**** Records to use ****

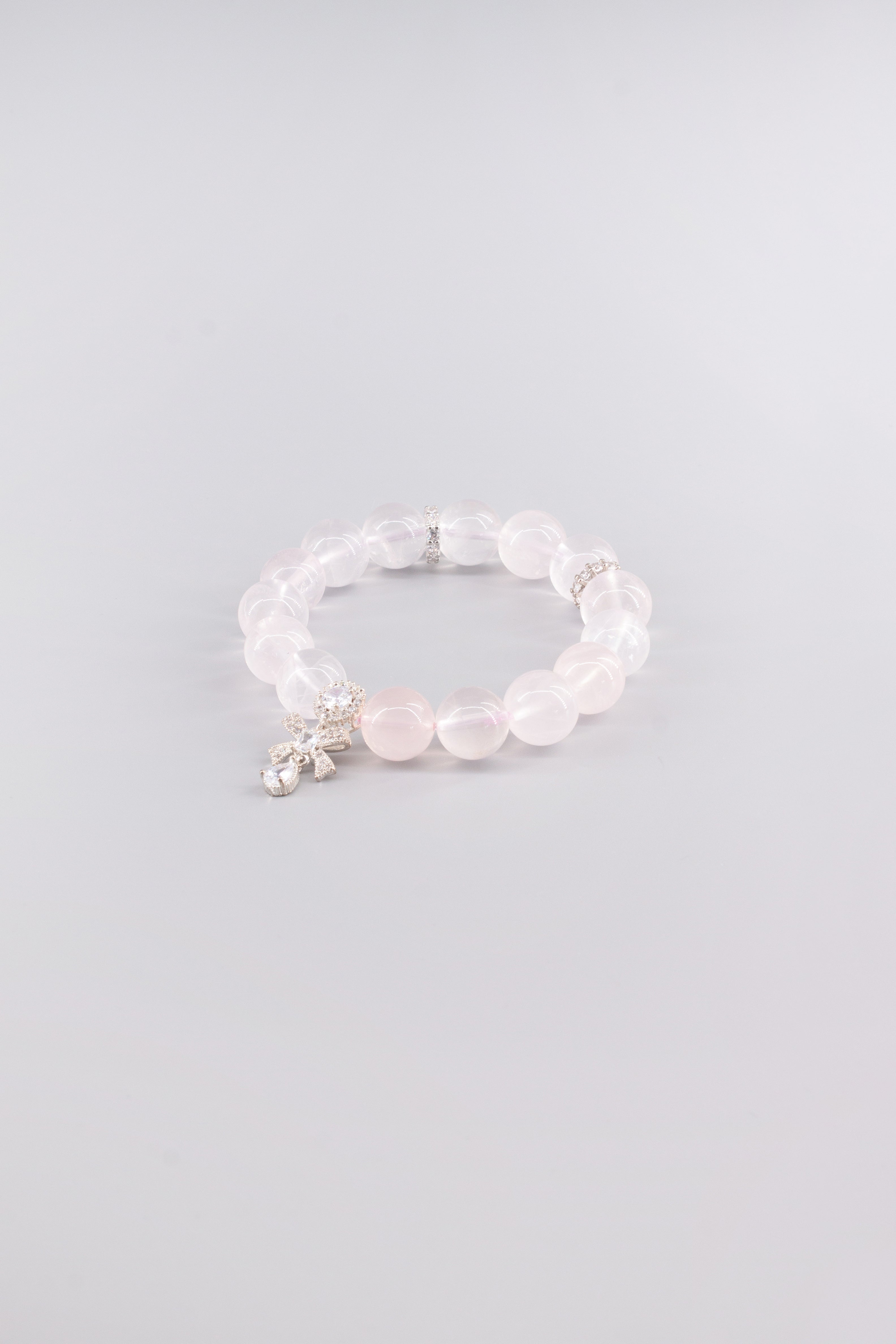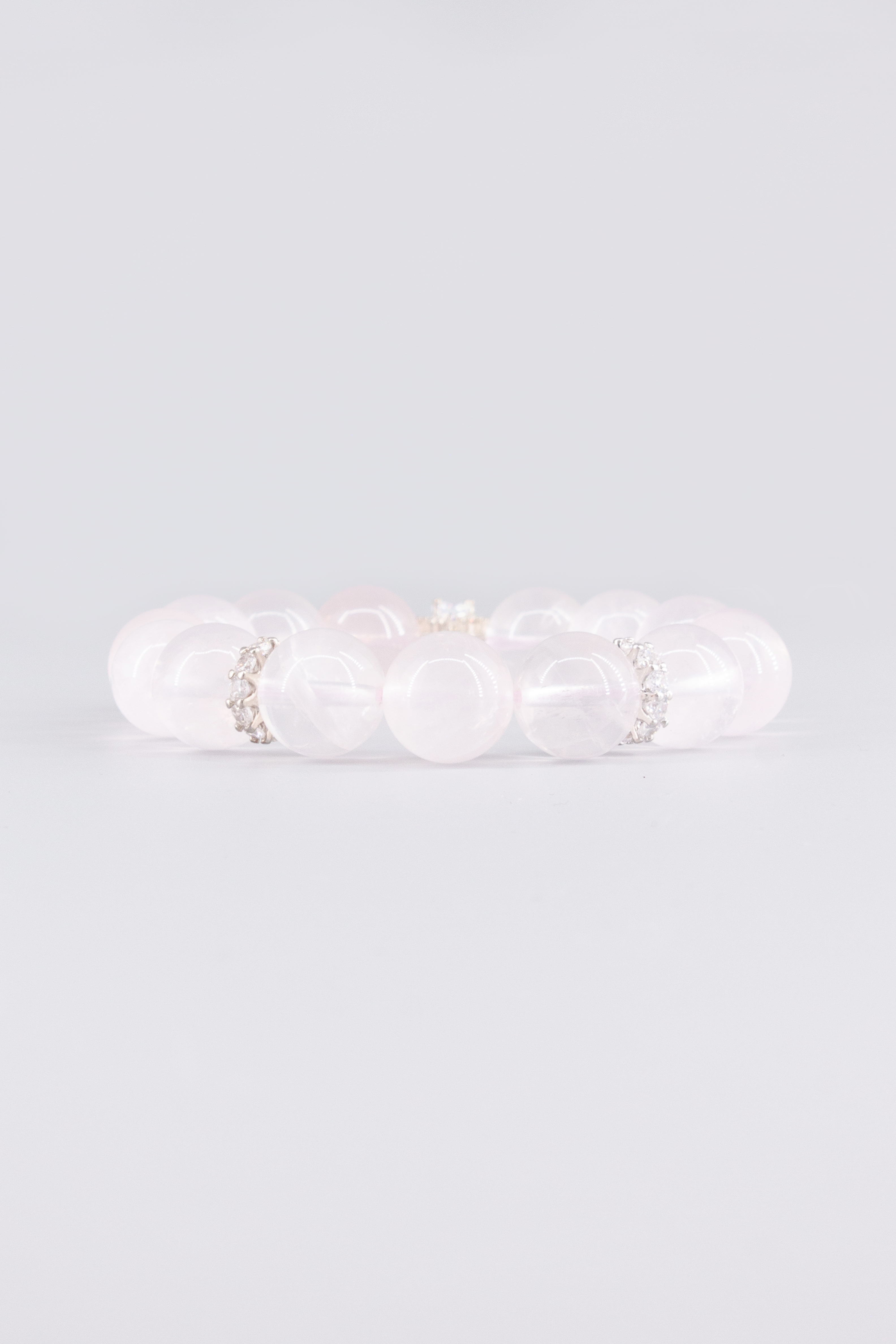 Dieses Armband wird von Hand gefertigt – aus natürlichem Rosenquarz und langlebigem, farbbeständigem Kupfer mit spezieller Beschichtung.
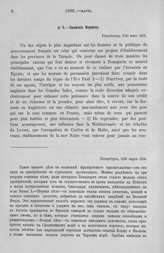 Записка Вернега. Виды Бонапарта на Турцию. Петербург, 8/20 марта 1805 г.
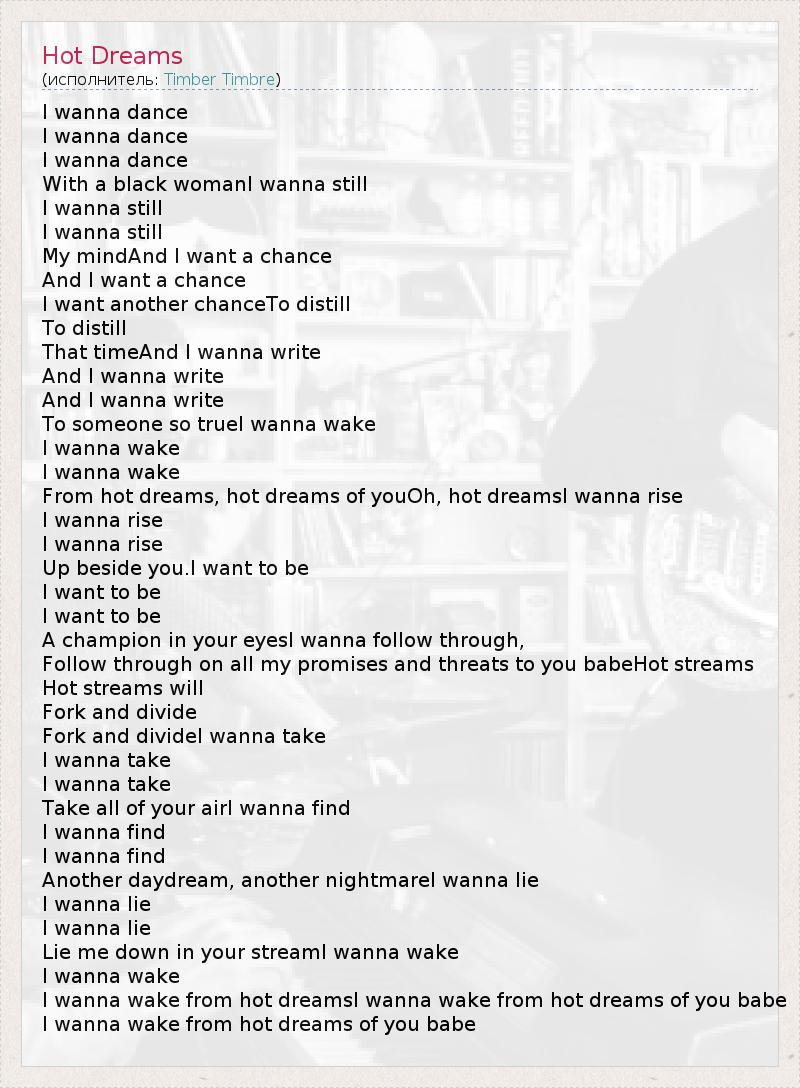 I wanna dance I wanna dance I wanna dance With a black womanI wanna still I wanna still I wanna still My mindAnd I want a chance And I want a chance I want another chanceTo distill To distill That timeAnd I wanna write And I wanna write And I wanna write To someone so trueI wanna wake I wanna wake I wanna wake From hot dreams, hot dreams of youOh, hot dreamsI wanna rise I wanna rise I wanna rise Up beside you.I want to be I want to be I want to be A champion in your eyesI wanna follow through, Follow through on all my promises and threats to you babeHot streams Hot streams will Fork and divide Fork and divideI wanna take I wanna take I wanna take Take all of your airI wanna find I wanna find I wanna find Another daydream, another nightmareI wanna lie I wanna lie I wanna lie Lie me down in your streamI wanna wake I wanna wake I wanna wake from hot dreamsI wanna wake from hot dreams of you babe I wanna wake from hot dreams of you babe
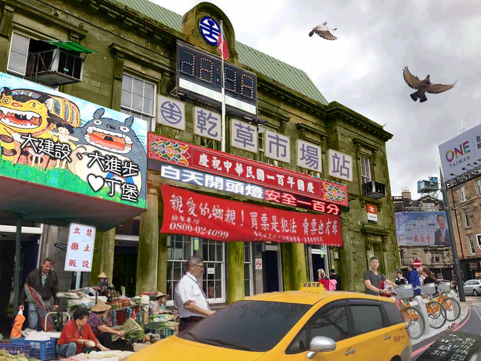 | 原本的英國甘草市場站 | 加了一點華國風格後的甘草市場站 |
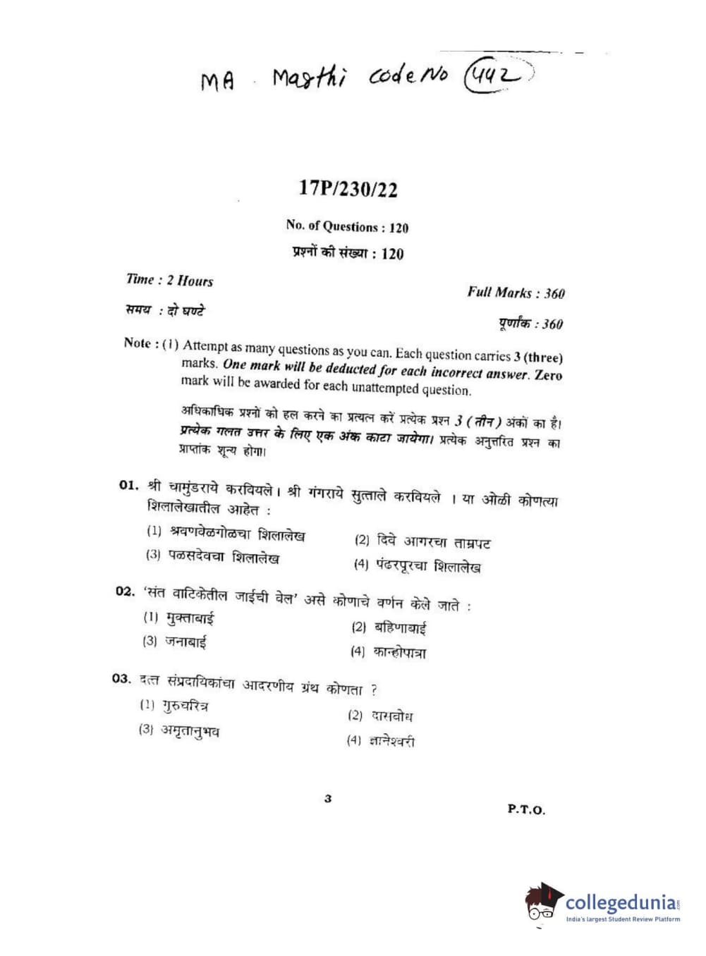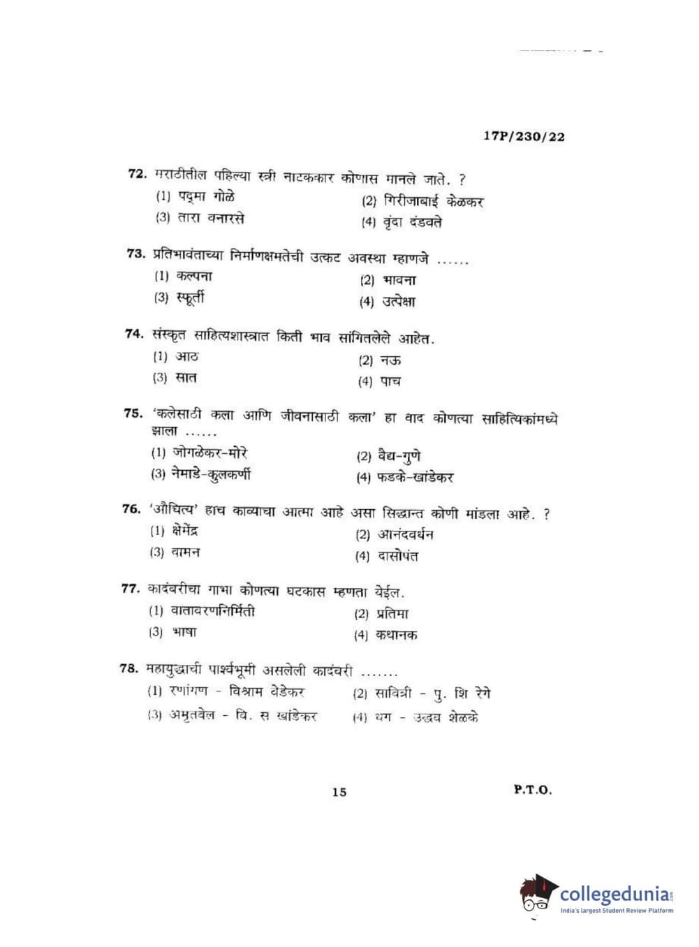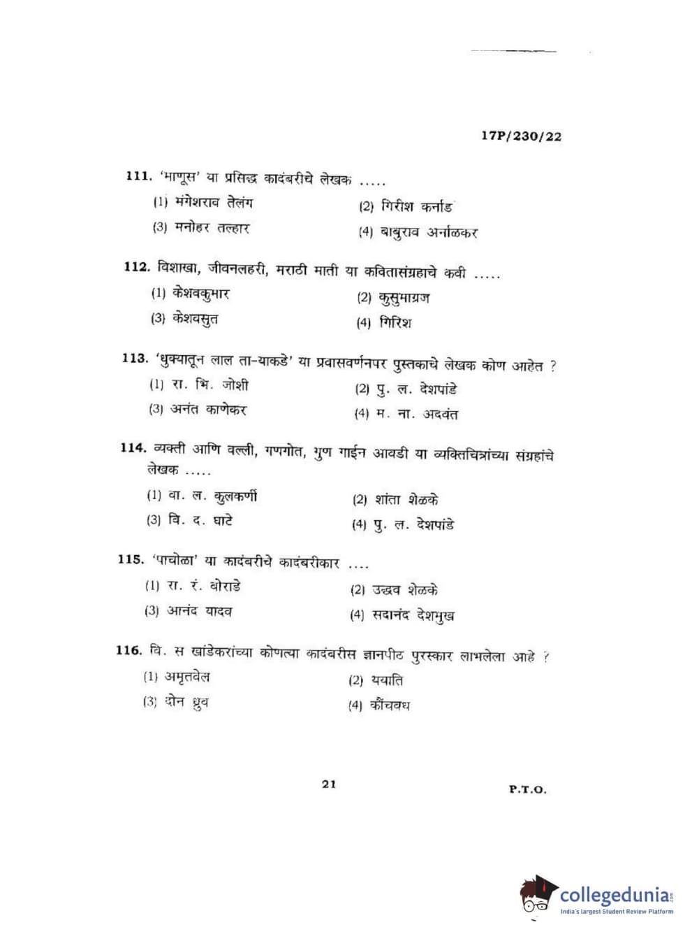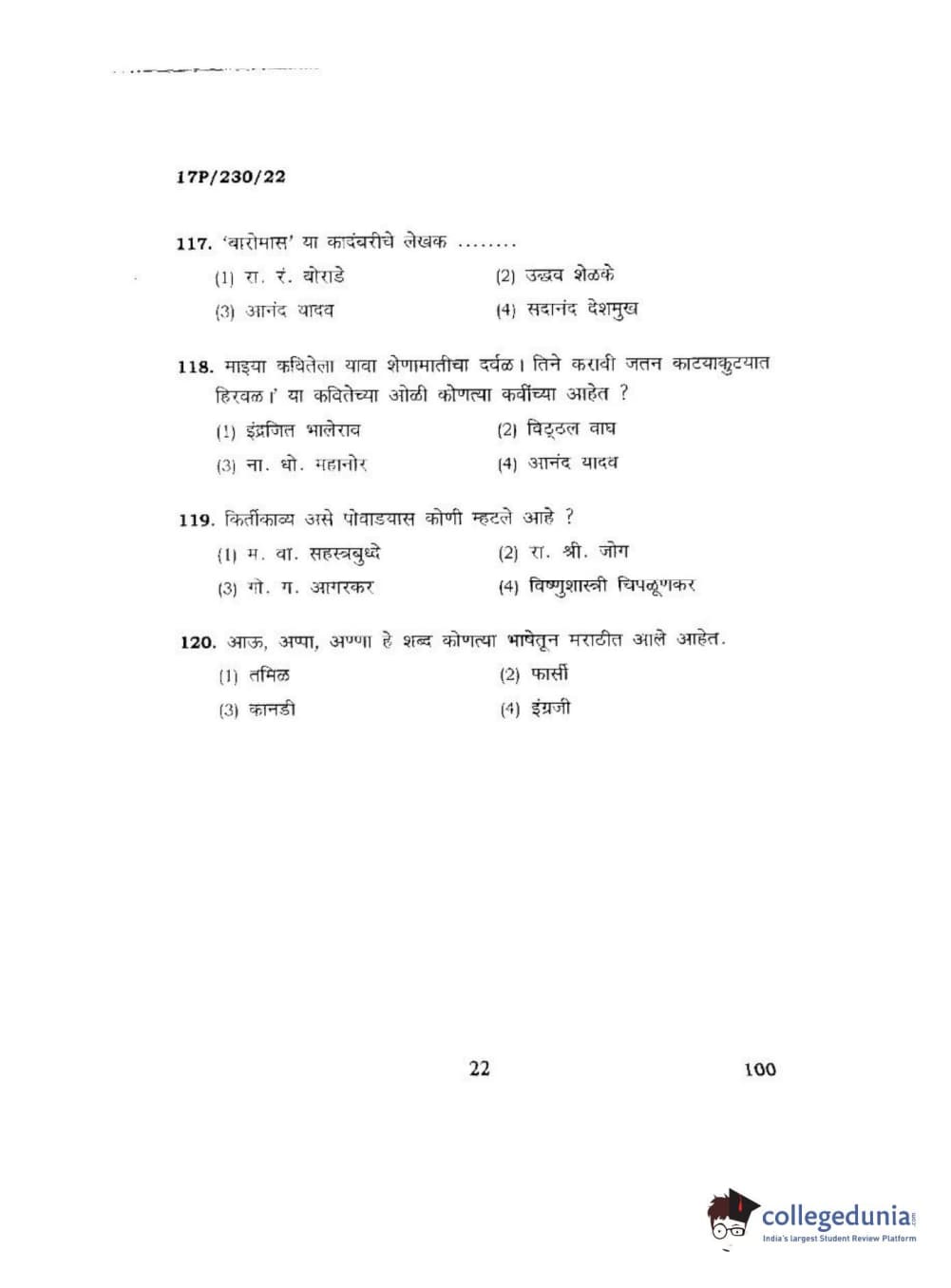 BHU PET 2017 M.A. Marathi Question paper with answer key pdf is available for download. The exam was successfully organized by Banaras Hindu University (BHU). The question paper comprised a total of 120 questions.

****

#### Your objective
Set down exactly the lines running from the beginning of the entries above to the line that contains "Записка Вернега. Виды", including both, and leave out pictures.

#### Finished exercise
 Dieses Armband wird von Hand gefertigt – aus natürlichem Rosenquarz und langlebigem, farbbeständigem Kupfer mit spezieller Beschichtung.
 Записка Вернега. Виды Бонапарта на Турцию. Петербург, 8/20 марта 1805 г.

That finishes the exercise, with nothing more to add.